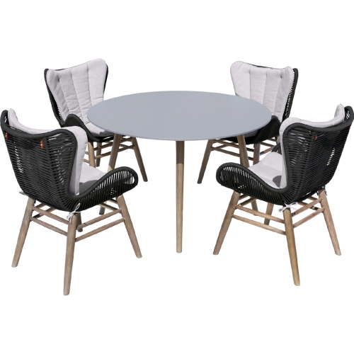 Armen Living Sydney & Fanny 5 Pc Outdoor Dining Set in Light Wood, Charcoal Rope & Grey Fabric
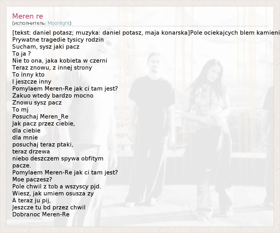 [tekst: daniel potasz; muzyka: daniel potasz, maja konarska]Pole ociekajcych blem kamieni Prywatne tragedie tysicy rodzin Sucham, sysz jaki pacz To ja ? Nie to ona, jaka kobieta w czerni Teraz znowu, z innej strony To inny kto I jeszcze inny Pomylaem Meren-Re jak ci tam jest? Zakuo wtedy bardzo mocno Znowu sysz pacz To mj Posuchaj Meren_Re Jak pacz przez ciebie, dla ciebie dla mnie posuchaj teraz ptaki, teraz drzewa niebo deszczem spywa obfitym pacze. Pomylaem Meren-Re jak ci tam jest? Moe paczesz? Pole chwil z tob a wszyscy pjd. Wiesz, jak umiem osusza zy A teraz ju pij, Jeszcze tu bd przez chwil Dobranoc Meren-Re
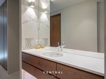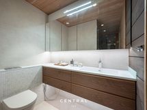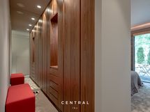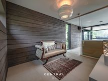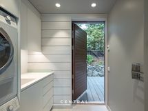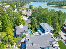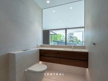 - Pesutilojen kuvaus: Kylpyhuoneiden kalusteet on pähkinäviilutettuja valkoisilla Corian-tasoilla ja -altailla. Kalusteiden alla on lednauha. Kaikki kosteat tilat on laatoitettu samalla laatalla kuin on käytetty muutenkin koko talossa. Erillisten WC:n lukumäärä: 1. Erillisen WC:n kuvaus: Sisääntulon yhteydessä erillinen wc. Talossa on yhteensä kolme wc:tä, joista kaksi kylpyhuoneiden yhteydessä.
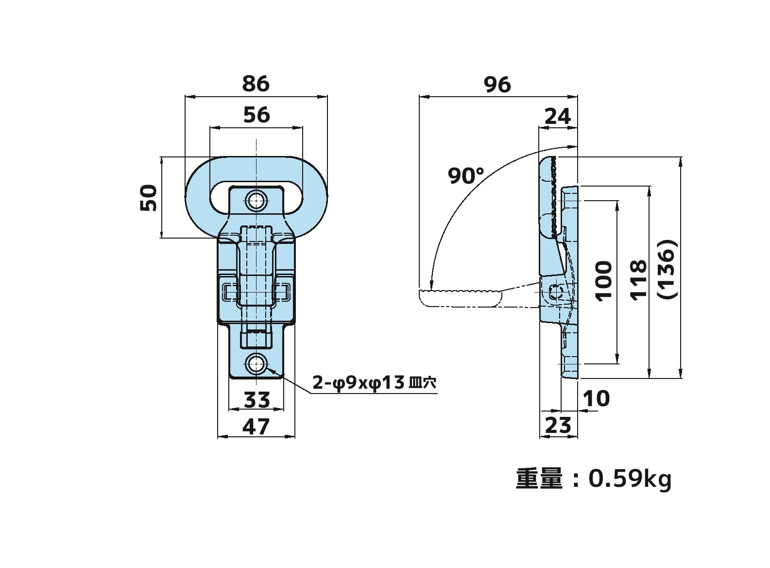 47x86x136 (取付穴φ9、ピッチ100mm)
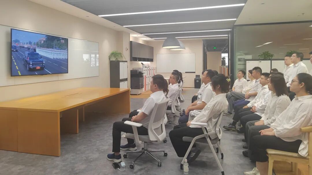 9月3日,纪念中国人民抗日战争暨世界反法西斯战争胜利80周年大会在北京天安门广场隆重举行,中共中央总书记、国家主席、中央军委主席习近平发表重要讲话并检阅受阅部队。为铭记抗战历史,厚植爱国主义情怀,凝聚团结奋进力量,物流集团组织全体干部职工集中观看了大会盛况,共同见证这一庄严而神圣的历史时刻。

* _What is expected_
Set down every record exactly as written, but drop the pictures.

* _Exercise solution_
 Armen Living Sydney & Fanny 5 Pc Outdoor Dining Set in Light Wood, Charcoal Rope & Grey Fabric
 [tekst: daniel potasz; muzyka: daniel potasz, maja konarska]Pole ociekajcych blem kamieni Prywatne tragedie tysicy rodzin Sucham, sysz jaki pacz To ja ? Nie to ona, jaka kobieta w czerni Teraz znowu, z innej strony To inny kto I jeszcze inny Pomylaem Meren-Re jak ci tam jest? Zakuo wtedy bardzo mocno Znowu sysz pacz To mj Posuchaj Meren_Re Jak pacz przez ciebie, dla ciebie dla mnie posuchaj teraz ptaki, teraz drzewa niebo deszczem spywa obfitym pacze. Pomylaem Meren-Re jak ci tam jest? Moe paczesz? Pole chwil z tob a wszyscy pjd. Wiesz, jak umiem osusza zy A teraz ju pij, Jeszcze tu bd przez chwil Dobranoc Meren-Re
 - Pesutilojen kuvaus: Kylpyhuoneiden kalusteet on pähkinäviilutettuja valkoisilla Corian-tasoilla ja -altailla. Kalusteiden alla on lednauha. Kaikki kosteat tilat on laatoitettu samalla laatalla kuin on käytetty muutenkin koko talossa. Erillisten WC:n lukumäärä: 1. Erillisen WC:n kuvaus: Sisääntulon yhteydessä erillinen wc. Talossa on yhteensä kolme wc:tä, joista kaksi kylpyhuoneiden yhteydessä.
 47x86x136 (取付穴φ9、ピッチ100mm)
 9月3日,纪念中国人民抗日战争暨世界反法西斯战争胜利80周年大会在北京天安门广场隆重举行,中共中央总书记、国家主席、中央军委主席习近平发表重要讲话并检阅受阅部队。为铭记抗战历史,厚植爱国主义情怀,凝聚团结奋进力量,物流集团组织全体干部职工集中观看了大会盛况,共同见证这一庄严而神圣的历史时刻。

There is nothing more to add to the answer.